FRANKFORT, Ky. — There’s good news and bad news in Kentucky's post-recession job market, according to a new report from the Kentucky Center for Economic Policy.

On the upside, research indicated workers have experienced real wage growth, top to bottom, for the first time in 15 years. On the downside, job growth isn't keeping up with population growth, said Anna Baumann, policy analyst with the Kentucky Center for Economic Policy and the report's main author.

"On the more concerning side of things, our unemployment rate doesn't count the workers who have been discouraged because they haven't been able to find jobs, and good jobs, and have left the labor force,” Baumann said.

The state's unemployment rate is now below pre-recession levels, but Baumann said Kentucky still has a long way to go to catch up with where it was in 2000, when the nation was near full employment.

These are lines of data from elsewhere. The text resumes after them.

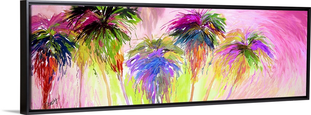 <p>Contemporary piece of art of a group of tall palm trees. In a modern textured style.</p>
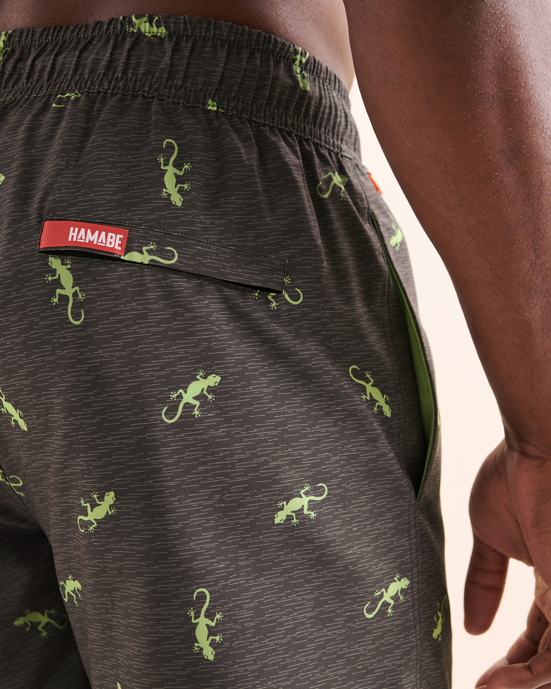 Make a statement with these grey volley shorts featuring a bold green gecko print, a piece full of character made to move with you, from the playing court to seaside happy hour. With a comfortable fit, inner lining and practical details, they’re a must-have for active days.
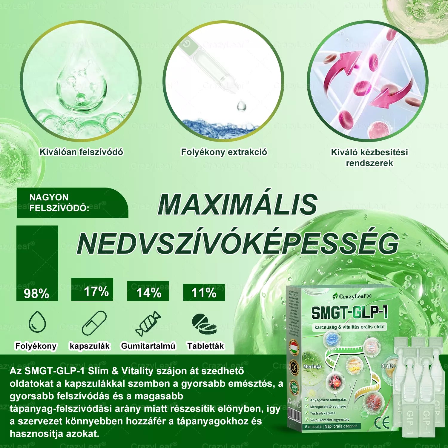 Az endokrinológus által klinikailag tesztelt CrazyLeaf® SMGT-GLP-1 Karcsúsító és Vitalitás Orális Oldat aktiválása mindössze 7 nap alatt jelentősen javíthatja az elhízást és egyéb egészségügyi problémákat.
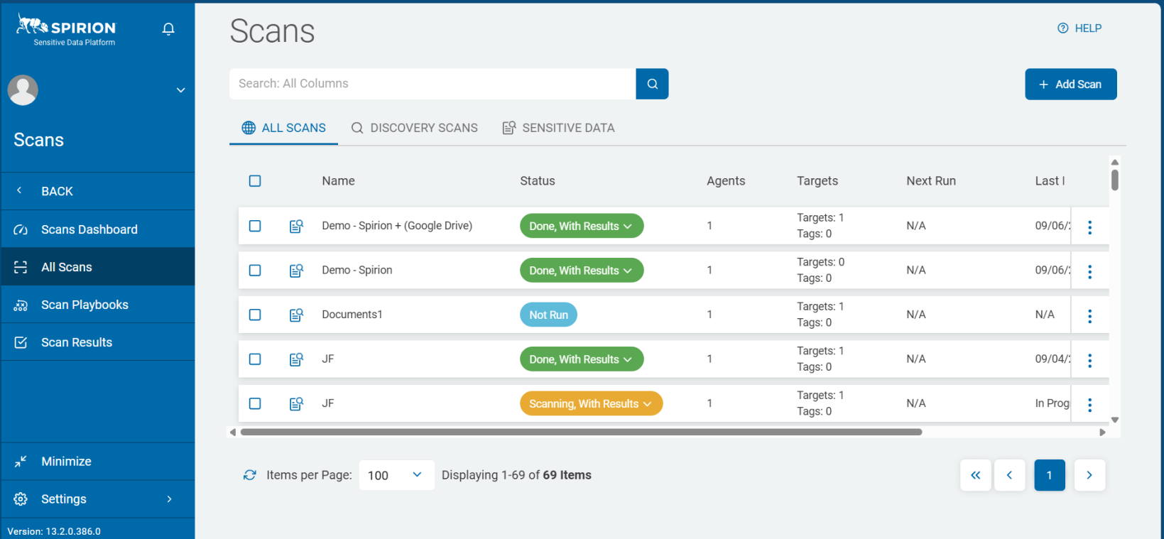 - Scans are the searches that agents perform on endpoints (targets) such as laptops, desktops, servers, databases, cloud locations, etc. to find either the file locations (Discovery Scan) or find specific data types (Sensitive Data Scan) within the files and folders
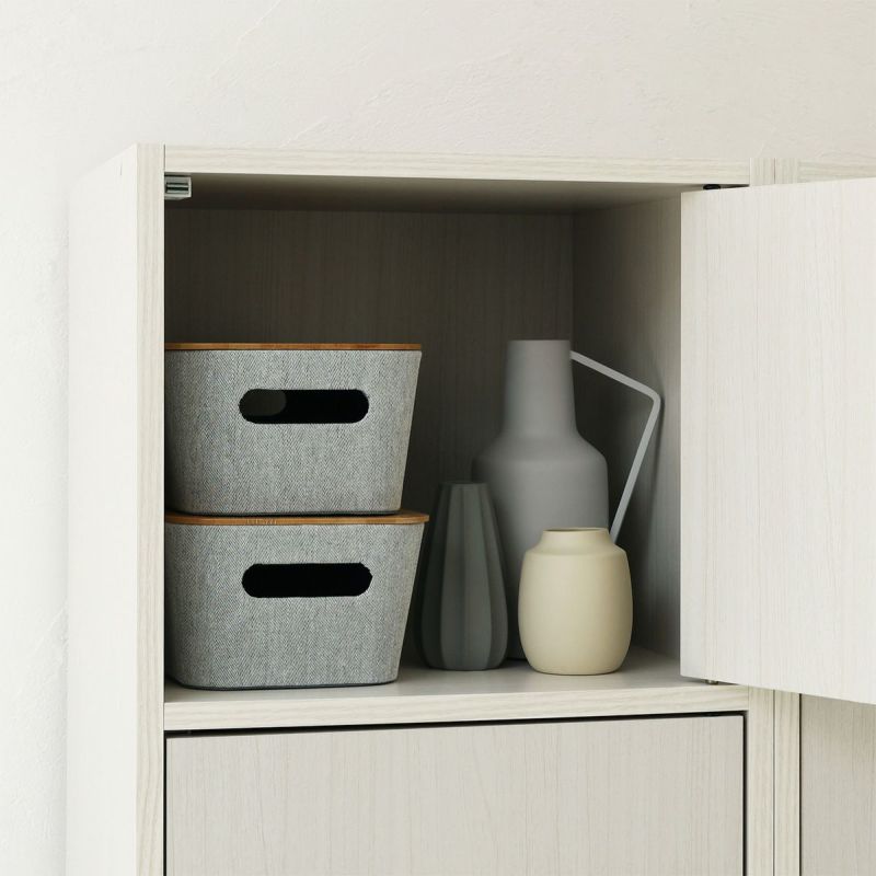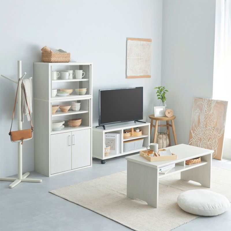 中棚の内寸奥行は34.2cm。本やストック品、タオルなどの収納に便利です。シンプルでつかみやすい取っ手。シルバーが清潔でスタイリッシュな印象を与えます。フルニコはリビングやキッチン収納も充実。シリーズで揃えて統一感のある収納スペースをつくることができます。家具と壁を固定して、地震などでの前倒れをしにくくする免震補助バンドが付属しています。

According to the report, if the same share of working-age Kentuckians - ages 25 to 54 - were employed today, an additional 118,000 people would have jobs.

The report found the industry with the most growth since the economic recovery began was temporary or employment-service jobs.

"Those jobs don't pay well, and there's no job security for workers,” Baumann said. "With so many of the jobs that are being created not requiring a higher education and paying low wages, we need to be thinking about how to support those workers."

She saif that support includes raising the minimum wage.

The report also found the health of the job market varies widely by region. Baumann said almost all the growth has been between Louisville, Lexington and Northern Kentucky - the area known as the "Golden Triangle."

"One bright spot is that we've had good growth in the manufacturing sector,” she said, "especially auto manufacturing, and we know those jobs pay pretty well."